The left car door had become jammed and the truck driver was unable to force it open. Tommy, coming up, gripped the door handle with his right hand and turning it with some effort, took hold of the window sill with his left.
“Grab hold,” he said to the truck driver, “and we’ll pull together. One, two... three!”
Steel grated against steel and the car door came up. Letting the truck driver hold it up, Tommy clambered to the top of the car and reaching down, caught hold of the unconscious man’s arm. He pulled up on it, raising the body from the girl underneath, hooked both hands under the man’s armpits and heaved. He brought the man’s head and shoulders up to the door and then the truck driver helped lift him out and lay him on the ground.
Tommy started to climb up to the door again, but the girl’s head and shoulders appeared in the opening and he was able to help her out without climbing up.
He steadied the girl on her feet and then she caught sight of the man on the ground.
“He’s dead!” she wailed.
“I didn’t hit them,” the truck driver declared. “I was coming along, around the curve and the car was just ahead of me. I was about to pass, when all of a sudden the car seemed to go out of control. I had a hard time handling the truck, but I didn’t hit them.”
“I know,” the girl sobbed, “it was — Dad. He... he had an attack — fell over against me and then...” She shuddered. “We turned over.”
Tommy released the girl and, dropping to his knees, felt the unconscious man’s heart. There was no beat.
He got to his feet. A car, coming from the direction of Palmdale, was pulling up on the opposite side of the road and behind it, still several hundred yards away, was a white sedan. Even as Tommy looked the police car sounded off with the siren.
Tommy gritted his teeth and patted the girl’s shoulder. “Take it easy, sis,” he said, “he may be only unconscious.” It was a lie, but Tommy’s brain was already concerned with his own problem.
The car had stopped across the road, disgorged three people, two men and a woman. They came running across. Tommy stepped away from the girl, started across the highway, then the police car came to a screeching halt in the middle of the road, its siren expiring in a final wail.

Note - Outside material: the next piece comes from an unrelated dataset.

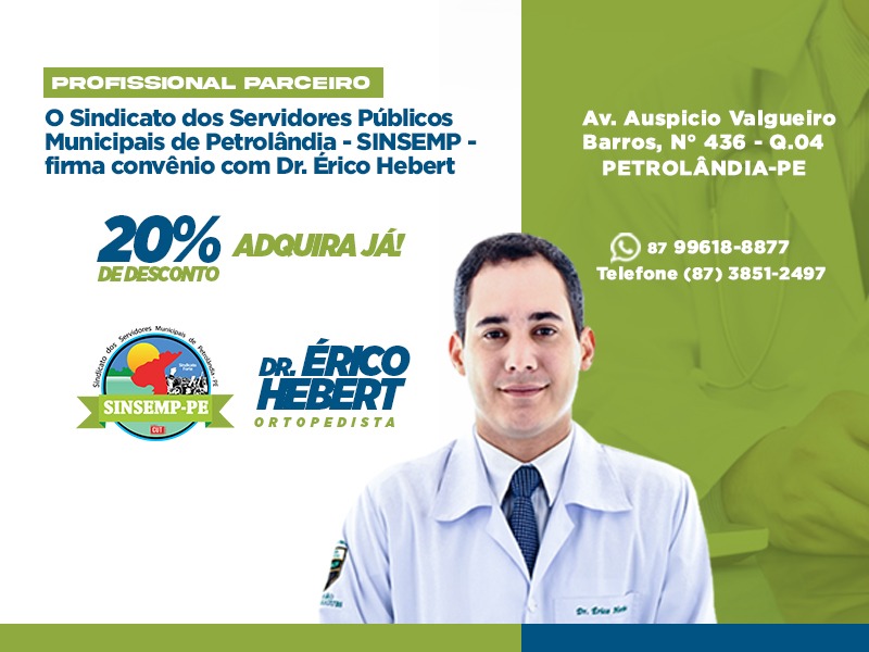 Sindicato dos Servidores Públicos Municipais de Petrolândia – SINSEMP/PE – firma convênio com Dr. Érico Herbert (Ortopedista); acompanhe!

Two policemen piled out of the car. One of them ran for the group by the wrecked car, the other cut off Tommy’s escape,
“Just a minute, mister!” the policeman said.
“Better call for an ambulance,” Tommy said quickly. “The man’s unconscious.”
The policeman nodded and stepped back to his car, but before he could climb in and put in his radio call, the other policeman got up from examining the dead man and waved to his partner.
The policeman at the car nodded and drew his report book from his pocket. “Your name, please?”
“I wasn’t involved,” Tommy said. “I came up a couple of minutes after it happened.”
“You saw it happen, though?”
“No.”
The truck driver came forward, accompanied by the second policeman. “It wasn’t anybody’s fault; the girl said he had a heart attack while driving.”
“We’ve still got to make a report,” said the policeman with the book. He looked at Tommy. “Your name?”